TASK PROMPT
Repeat the data verbatim, images excluded.

RECORDED INFORMATION
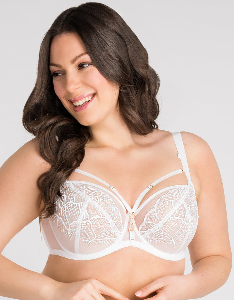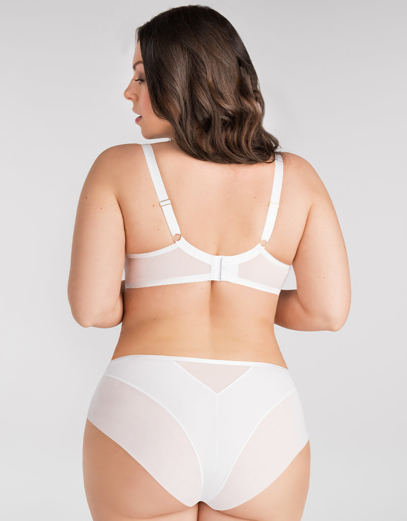 The Gorsenia Forever White balconette bra is beautiful with its lace and embroidery overlay on shee mesh cups. 3-part balcony cups give an uplifted and rounded shape to your bust, while giving that forward projection that Gorsenia bras are known and loved for.
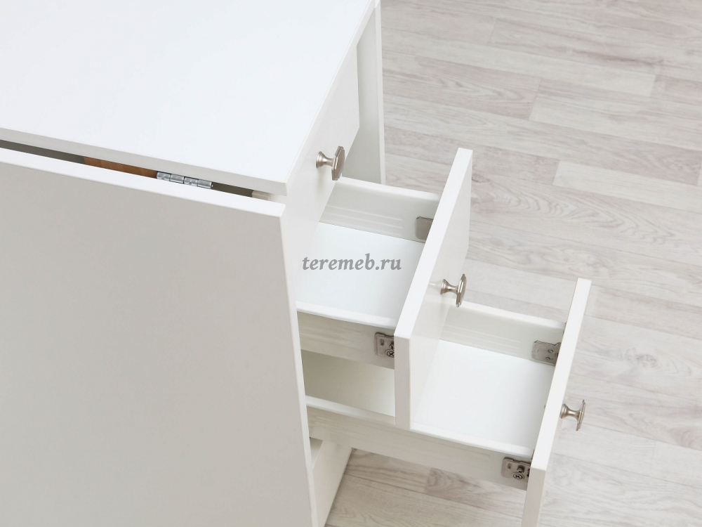 Фасады ящиков и двери укомплектованы современными ручками, изготовленными из прочного износостойкого металлического сплава.
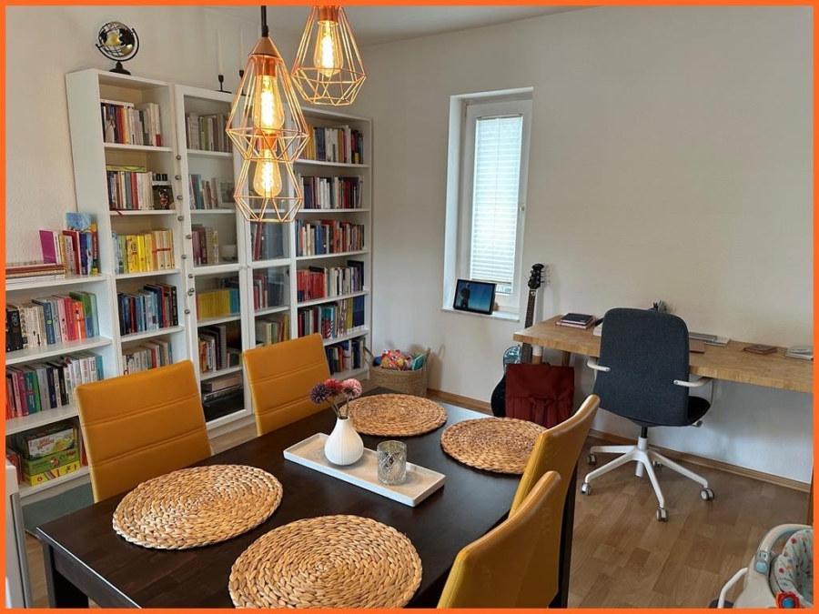 Hier erwartet Sie eine etwa 100 m² große 3 Zimmer-Wohnung mit Tageslichtbad, Gäste-WC, Küche und einem großen Wohn-Esszimmer mit Balkon und Terrasse.

TASK SOLUTION
 The Gorsenia Forever White balconette bra is beautiful with its lace and embroidery overlay on shee mesh cups. 3-part balcony cups give an uplifted and rounded shape to your bust, while giving that forward projection that Gorsenia bras are known and loved for.
 Фасады ящиков и двери укомплектованы современными ручками, изготовленными из прочного износостойкого металлического сплава.
 Hier erwartet Sie eine etwa 100 m² große 3 Zimmer-Wohnung mit Tageslichtbad, Gäste-WC, Küche und einem großen Wohn-Esszimmer mit Balkon und Terrasse.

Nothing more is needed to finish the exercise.